Capsaicin responses in heat-sensitive and heat-insensitive A-fiber nociceptors

Abstract

The recently cloned vanilloid receptor (VR1) is postulated to account for heat and capsaicin sensitivity in unmyelinated afferents. We sought to determine whether heat and capsaicin sensitivity also coexist in myelinated nociceptive afferents. Action potential (AP) activity was recorded from single A-fiber nociceptors that innervated the hairy skin in monkey.
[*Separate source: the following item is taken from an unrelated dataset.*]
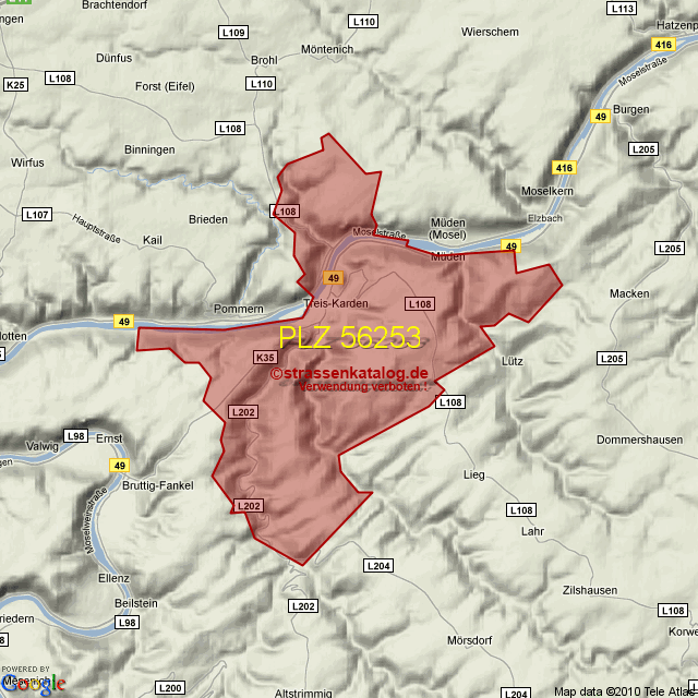 Ortsteile von Treis-Karden mit der PLZ 56253

Before intradermal injection of capsaicin (10 microg/10 microl) into the receptive field, nociceptors were classified as heat-sensitive (threshold, </=53 degrees C, 1 sec) or heat-insensitive afferents and as mechanically sensitive (von Frey threshold, <6 bar) or mechanically insensitive afferents. All heat-sensitive afferents (n = 16) were insensitive to mechanical stimuli but responded to the intradermal injection of capsaicin (69 +/- 7 APs in 10 min). Responsiveness to mechanical stimuli, thermal stimuli, and capsaicin varied in their receptive fields; the majority of receptive field sites (24 of 36) were responsive to only one or two stimulus modalities, whereas only eight sites responded to all three modalities. For most heat-insensitive afferents, the activity induced by the capsaicin injection did not exceed the activity induced by needle insertion alone. However, the largest response to capsaicin (314 +/- 98 APs in 10 min) was observed for five afferents that were insensitive to heat as well as mechanical stimuli and therefore may be classified as cutaneous chemoreceptors. These results suggest that A-fiber nociceptors play a role in the pain and hyperalgesia associated with capsaicin injection. Our finding that a subgroup of capsaicin-sensitive A-fiber nociceptors are insensitive to heat predicts the existence of heat-insensitive capsaicin receptors.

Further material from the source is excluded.